++++ Given information

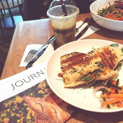 Journeys cafe and Restaurant他家开在金桥附近,环境好,很清静的,和闺蜜一起去的,我们点了一份蔬菜色拉,搭配金枪鱼面包,面包有很多芝麻,很新鲜的,喷喷香,金枪鱼热量低,一样好,而且摆盘很精致的…查看更多
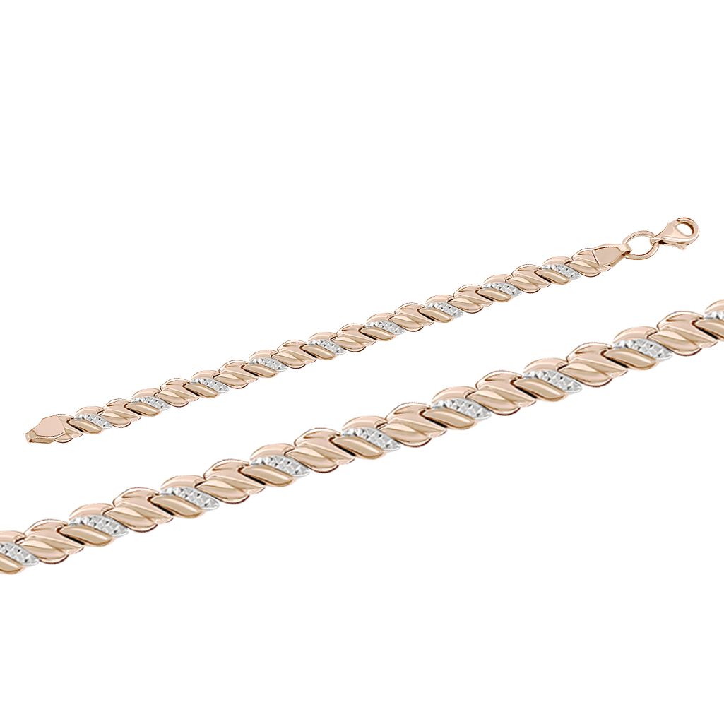 Charmantes Armband, Russisches Rotgold 585, rhodiniert, mit Diamant-Facetten, Breite ca. 7 mm, Länge 20/ 20,5 cm, Gewicht in 20 cm ca. 8,19 g. 20 cm
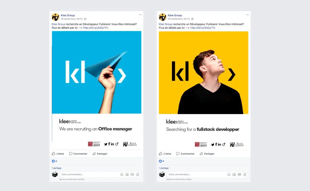 全新升级的品牌LOGO,只需用箭头跟随 Klee 一词即可。这个技巧立即将 Klee 与数字领域联系起来,并带来了一种不可忽视的图形力量。通过删除“ee”,我们获得了一个“Kl>”信标标志,它将充当服务通信元素的容器。
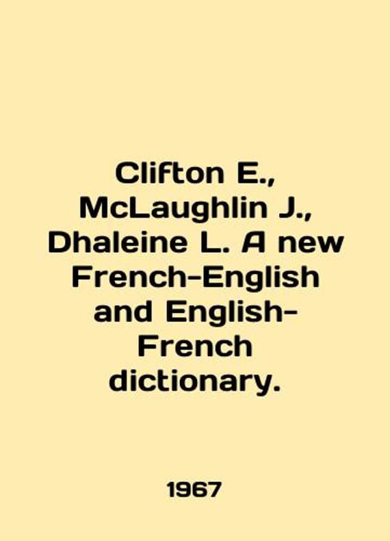 Clifton E., McLaughlin J., Dhaleine L. A new French-English and English-French dictionary. In English /Clifton E., McLaughlin J., Dhaleine L. A new French-English and English-French dictionary. Paris. Garnier. 1967. 1220c. We have thousands of titles and often several copies of each title may be available. Please feel free to contact us for a detailed description of the copies available. SKUalb699d9d78898e14dc.
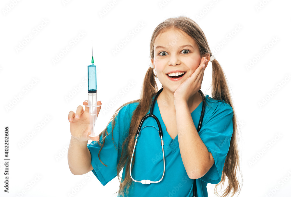 Positive kid wearing surgery uniform and surprise on her face, holding a syringe with vaccine, isolated on white background. Girl playing in medical profession
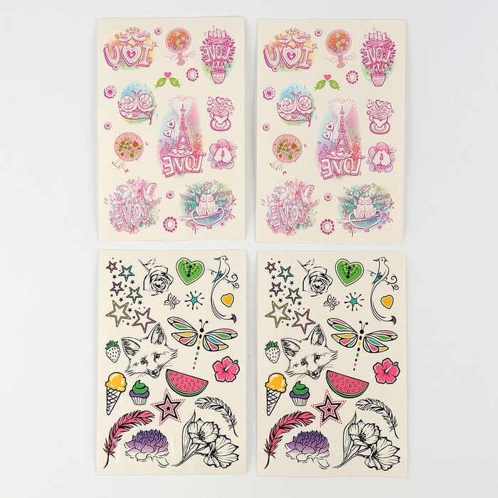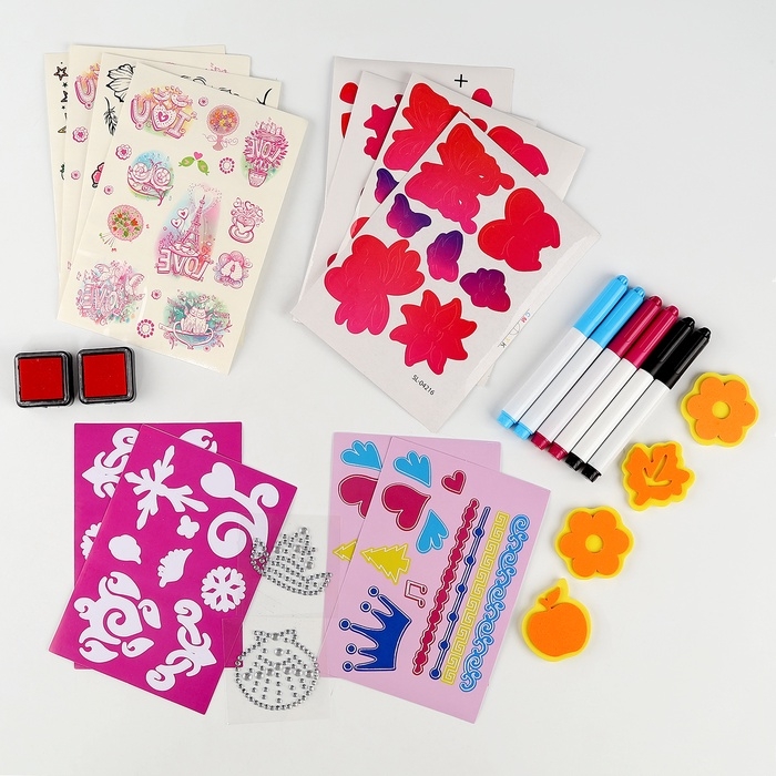 Тату студия понравится каждой девочке. Внутри малышка найдёт лист с тату-переводками, трафареты, штампики и фломастеры.

++++++++

- _Activity_:
Quote, word for word and nothing more, every line from the line with "Charmantes Armband, Russisches" to the end of the entries, including both ends; skip any pictures.

- _The completed task_:
 Charmantes Armband, Russisches Rotgold 585, rhodiniert, mit Diamant-Facetten, Breite ca. 7 mm, Länge 20/ 20,5 cm, Gewicht in 20 cm ca. 8,19 g. 20 cm
 全新升级的品牌LOGO,只需用箭头跟随 Klee 一词即可。这个技巧立即将 Klee 与数字领域联系起来,并带来了一种不可忽视的图形力量。通过删除“ee”,我们获得了一个“Kl>”信标标志,它将充当服务通信元素的容器。
 Clifton E., McLaughlin J., Dhaleine L. A new French-English and English-French dictionary. In English /Clifton E., McLaughlin J., Dhaleine L. A new French-English and English-French dictionary. Paris. Garnier. 1967. 1220c. We have thousands of titles and often several copies of each title may be available. Please feel free to contact us for a detailed description of the copies available. SKUalb699d9d78898e14dc.
 Positive kid wearing surgery uniform and surprise on her face, holding a syringe with vaccine, isolated on white background. Girl playing in medical profession
 Тату студия понравится каждой девочке. Внутри малышка найдёт лист с тату-переводками, трафареты, штампики и фломастеры.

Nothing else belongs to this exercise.